Chaco Province
- Use: Civil and state flag
- Proportion: 2:3
- Adopted: September 19, 2007; 18 years ago
- Designed by: Mario Orlando Gadotti

= Flag of Chaco (Argentina) =

The flag of the Argentine province of Chaco is rectangular, divided into three vertical stripes, light green, white and light blue. In the middle stripe there is also a symbol of the Sun of May at the top and a plough surrounded by twenty-five golden stars at the bottom. The stars represent the twenty-five departments in the province. The plough symbolizes agriculture, which is the most important sector of the province's economy and is also found on the coat of arms.

==History==

Flag of Chaco (1995–2007)

Chaco became a province in 1951 under the name Presidente Perón Province. At that time the province did not have a flag, but its coat of arms was based on the shield of the Justicialist Party.
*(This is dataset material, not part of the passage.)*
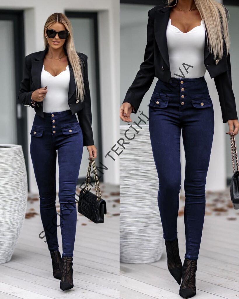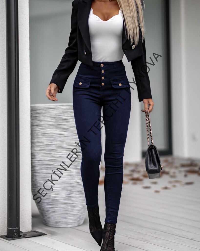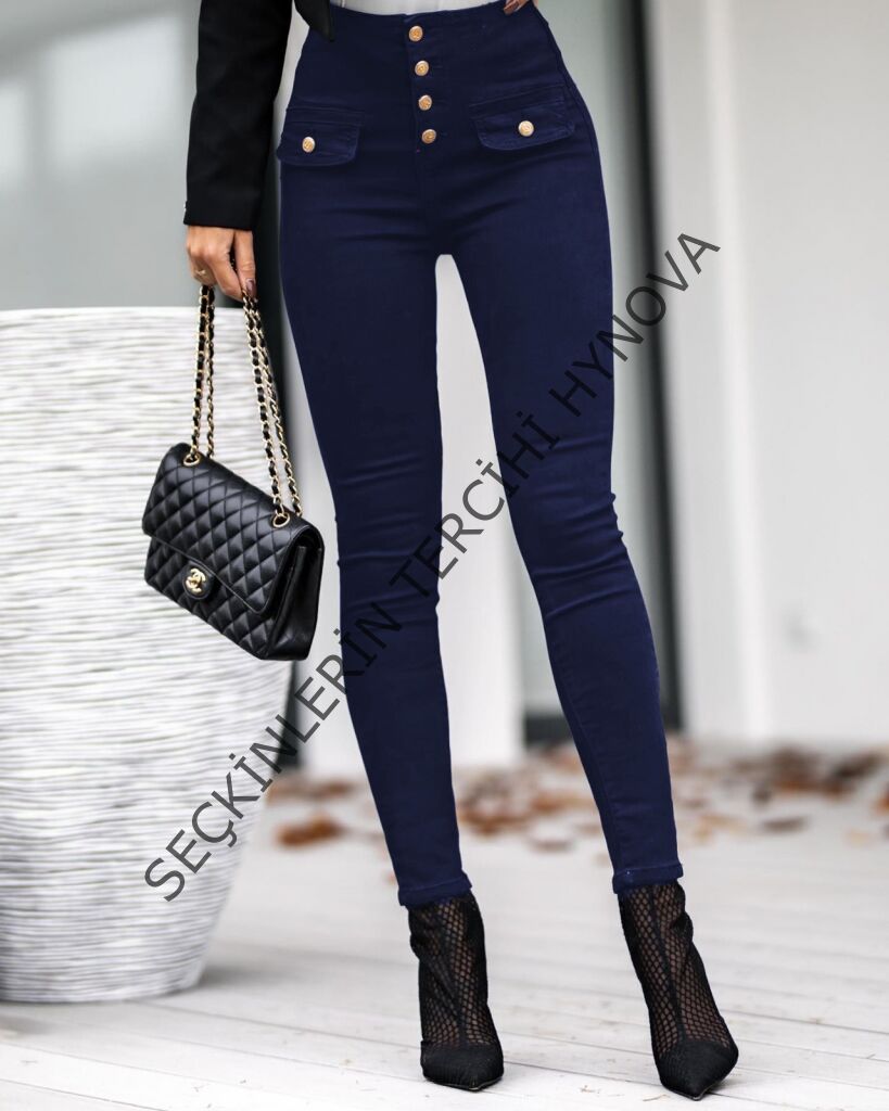 Kadın Yüksek Bel Düğmeli Cep Detay Kot Pantolon

The first Chaco flag was officially proclaimed by decree on 2 February 1995 as the provincial flag by the government of Governor Rolando Tauguinas. It was designed by graphic artist Jorge Esquivel and won an art contest. The flag was met with negative reception, as the local press considered the proposed flag "not a symbol, but a painting." The majority of the population did not feel represented by the emblem. This flag remained in force, but almost unused.

The modern flag was approved on 19 September 2007, under Governor Roy Nikisch.